In Hörweite reißt der Tagebaubagger Braunkohle aus rund 100 Metern Tiefe. 2021 waren es insgesamt 16,1 Millionen Tonnen. Die rund 15 Meter mächtige Kohleschicht wird hier schon seit 1973 abgebaut. Der Tagebau hat auf heute sächsischer Seite einst zehntausenden Menschen im Dreieck Hoyerswerda, Weißwasser und Schwarze Pumpe sichere und gut bezahlte Arbeit gegeben. »Wir wissen, dass unsere Arbeit hier endlich ist. Dass die Braunkohle bald der Vergangenheit angehören wird«, erklärt Steiger Daniel Steinert. »Wir machen unsere Arbeit hier, damit es im Land ausreichend und preisgünstigen Strom gibt. Natürlich ist es für jüngere Leute eine Abwägung, ob man heute noch hier in der Region im Bergbau einen Job antritt. Doch letztlich werden viele von uns noch weit nach dem Braunkohleabbau hier tätig sein. Wenn man sich die LMBV anschaut, die sind noch heute dabei, Flächen zu rekultivieren, wo zu DDR-Zeiten Kohle abgebaut wurde.«
Mittags sitzen wir in einem Bauwagen. Hier ist es nicht ganz so eisig wie draußen. Ich hadere, ob ich meine dicke Jacke ausziehen soll – immerhin bin ich drunter nassgeschwitzt. Meine Kollegen sind das gewohnt. Sie arbeiten hier bei jedem Wetter – von 40 Grad und brütender Sonne im Hochsommer bis zu minus 20 Grad und Schnee im Winter. »Die Arbeit muss gemacht werden«, höre ich immer. Wenig später »enttarnt« mich Daniel Steinert – in der Einsatzstelle haben mich offenbar Beschäftigte erkannt, dort hat sich bereits herumgesprochen, wer ich bin. Ich möchte nicht, dass sie sich veralbert vorkommen. Nur kurz stutzen meine drei Kollegen – fragen dann, ob wir jetzt beim »du« bleiben können. Natürlich, denn es hat sich ja nichts verändert und ich bin ihnen dankbar für die vielen Eindrücke. Und nach der Pause heißt es auch für mich weiter im Schlamm und bei Eiseskälte: anpacken, ziehen, drücken und sich dreckig machen.

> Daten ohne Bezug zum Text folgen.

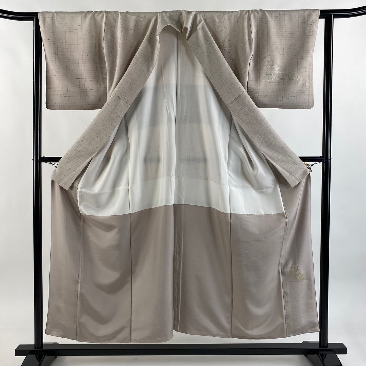 付下げ 身丈157cm 裄丈64cm M 袷 枝花 ぼかし 灰白 正絹 秀品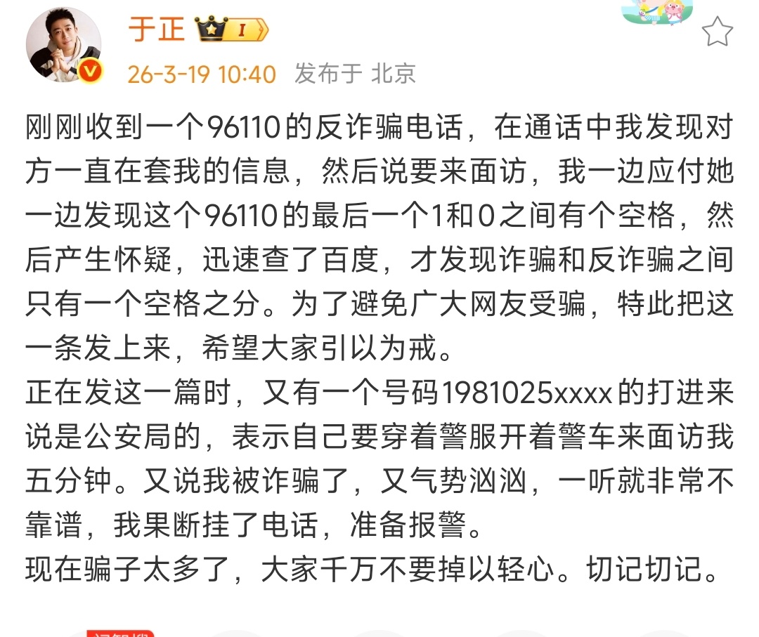 于正收到反诈骗电话于正接到96110反诈骗电话 于正发文说自己接到了96110反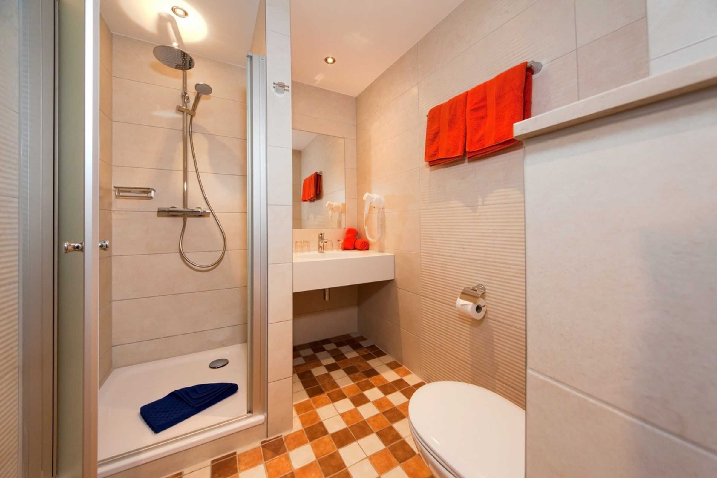 Das Bad ist ausgestattet mit Dusche, Waschtisch, WC, Handtuchheizkörper und Föhn.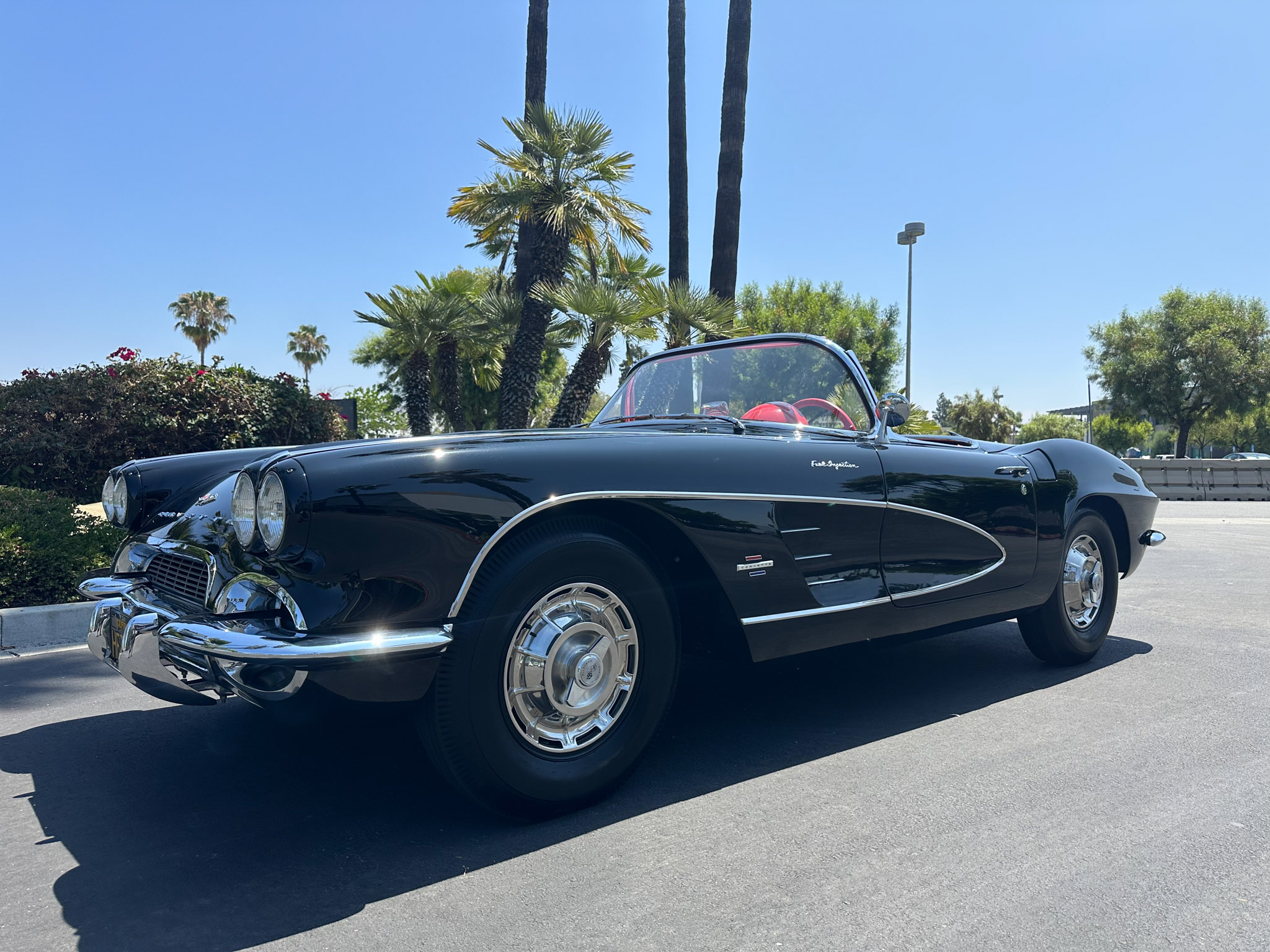 Tuxedo Black w/Red interior, 283/315hp, 4-Speed Manual Transmission 1961 was a turning point in Corvette history — the final year of the legendary 283ci engine, and it went out with a bang! Chevrolet offered five variations that year, from the mild-mannered 250hp single-quad to the fire-breathing, fuel-injected 315hp solid-lifter V8. And if you were hunting for the baddest, most exotic Corvette on the showroom floor, this was the one that made hearts race and wallets open! The example offered here is nothing short of breathtaking. Finished in the ultra-desirable Tuxedo Black with Red interior, it’s undergone a no-expense-spared, frame-off restoration that leaves nothing to be desired. Under the hood, its numbers-matching, fuel-injected 283/315hp engine delivers the raw, high-revving punch that defined America’s sports car in its purest form — all funneled through a crisp 4-speed manual transmission. Both hard and soft tops accompany the car, adding versatility and style. Its excellence in authenticity and condition has been recognized with the coveted NCRS Top Flight Award — proof that this Corvette isn’t just beautiful, it’s the real deal. A rare combination of style, performance, and pedigree — this ’61 Corvette embodies the golden era of American performance. Bold. Beautiful. Black. And absolutely unforgettable.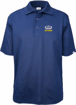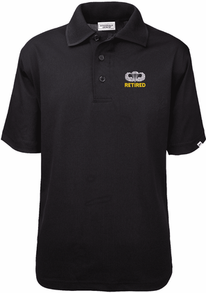 MilitaryBest proudly offers a top-quality U.S. Army Retired Jump Wings Authentically American Mens Moisture Wicking Polo made in the USA by Authentically American whom we have proudly partnered with.- Proudly Made and Embroidered in the USA.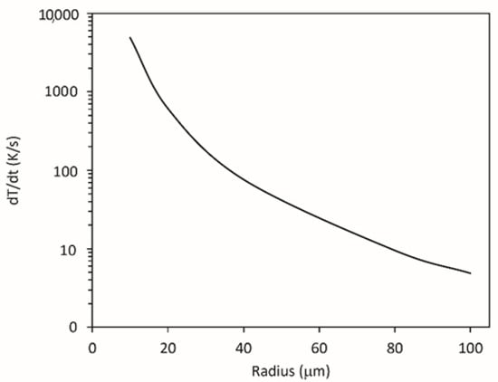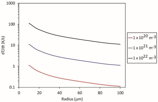 where rsheath and r are the radii of sheath and the polymer particle, respectively. The sheath thickness assumed in Equation (9) is equal to λD. In practice, the sheath thickness is larger; therefore, Equation (9) represents the lower value of the heating rate. Figure 2 represents the heating rate of polyethylene powder levitating in non-equilibrium oxygen plasma with the neutral gas kinetic temperature of 300 K and the electron temperature of 3 eV versus the radius of the powder particles. The heating rate does not depend on the density of ions (ni), because the Debye length is inverse proportional to the square root of the ion density, as in Equation (5). The heating of powder particles levitating in plasma by ions is by far more important than heating by neutral reactive particles such as atoms, especially for small powder particles. Here, it should be stressed that Equation (9) is just a rough, but a useful approximation.

Es ist eine körperlich extrem anstrengende Arbeit, welche die Beschäftigten der LEAG hier Tag für Tag leisten. Die Kollegen hier sind zu recht auf ihre Arbeit stolz, dass sie maßgeblich mit dazu beitragen, die Energiekrise in unserem Land abzumildern und sichere Energie zu erzeugen. Sie wissen, dass der Kohleabbau endlich ist – aber sie identifizieren sich bis zur letzten Stunde mit ihrer Arbeit und geben ihr Bestes. Ich bin froh, dass ich viele Anregungen für meine Arbeit mitnehmen konnte.
Einen Punkt möchte ich zum Schluss noch unbedingt betonen: Wir dürfen nie vergessen, dass hier Menschen ihre tägliche Arbeit machen, die nichts für klima- oder energiepolitische Entscheidungen können. Die aber dennoch häufig verbal angegriffen oder bei Protesten bedroht und beschimpft werden. Ich habe heute – gleich wie man zur Braunkohle persönlich steht – vor der Arbeit meines Teams und den Kolleginnen und Kollegen im Tagebau einen riesigen Respekt gewonnen. Sie arbeiten bei Wind und Wetter dafür, dass wir ausreichend mit Energie versorgt werden.